The development of agriculture in Cayman and how foodstuffs are imported should be looked at, MLA Lucille Seymour suggested in Finance Committee.
The George Town Member said on Thursday that the country’s vulnerability had been demonstrated recently, with the bad weather meaning no ships arriving for a while and supplies in the shops running low.
Miss Seymour wondered if there could be some sort of cottage industry where incentives were given to home-owners who grew perishables, to help them survive in the event of a catastrophe.
She also felt there should be negotiations with neighbouring countries so, if Cayman could not get supplies from the USA, it could get food from places like Jamaica or Honduras.
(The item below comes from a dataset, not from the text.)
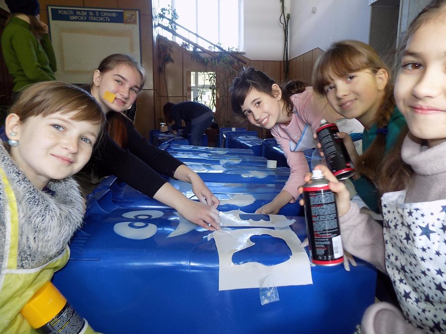 В суботу, 25 листопада, активні мешканці громади - діти, дорослі – Алла Жупанюк, Юлія Рудчик, Василь Мішко, Олена Курбан, Валентина Булік та члени дитячої студії «Чарівний пензлик» взяли участь у розписі сміттєвих баках.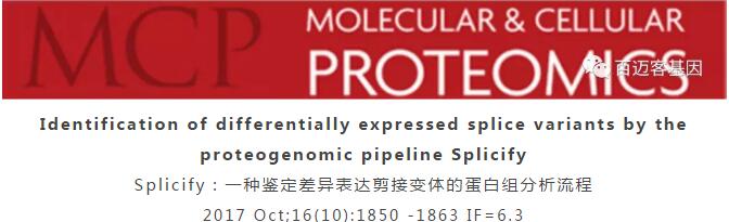 Splicify提供了一種蛋白組數(shù)據(jù)分析方法,可以用于確定由mRNA選擇性剪接產(chǎn)生的疾病特異性蛋白生物標(biāo)志物,適合用臨床前模型系統(tǒng)來解決基礎(chǔ)研究問題。其中剪接變異在RNA水平上的驗證是通過RT-qPCR以及Iso-seq得到的全長轉(zhuǎn)錄本進(jìn)行的;通過Iso-seq得到的全長轉(zhuǎn)錄本可以對新的剪接事件在蛋白層面上進(jìn)行驗證。

Leader of Government Business Kurt Tibbetts said a protocol, which allowed for the importation of such things as sweet potatoes and yams was already in place and shipments did arrive.
With regards to incentives for home owners, a programme had been in place for a time, with back yard farmers being given every encouragement, by helping them with plants, seeds and other things, he said.
Mr. Tibbetts said he was surprised how many home owners had vegetable gardens and fruit trees.
It would be easy to see if there were any more incentives that could be looked at to encourage back yard farmers, he told the committee.
Mr. Tibbetts said, had the recent situation with the ships gone on for two or three days more, alternatives would have been used from the geographical locations already mentioned.
One difficulty was that the boats could not get into port because of the weather. The boats were loaded but could not land, he said.
There had also been problems with the airports in Florida for a few days, he added.
Sister Islands MLA Julianna O’Connor-Connolly told the committee there were a number of incentives on Cayman Brac, but she believed farmers there would be helped by an affordable supply of water.
Mr. Tibbetts said ways of assisting by means of storage tanks and other things were being looked at.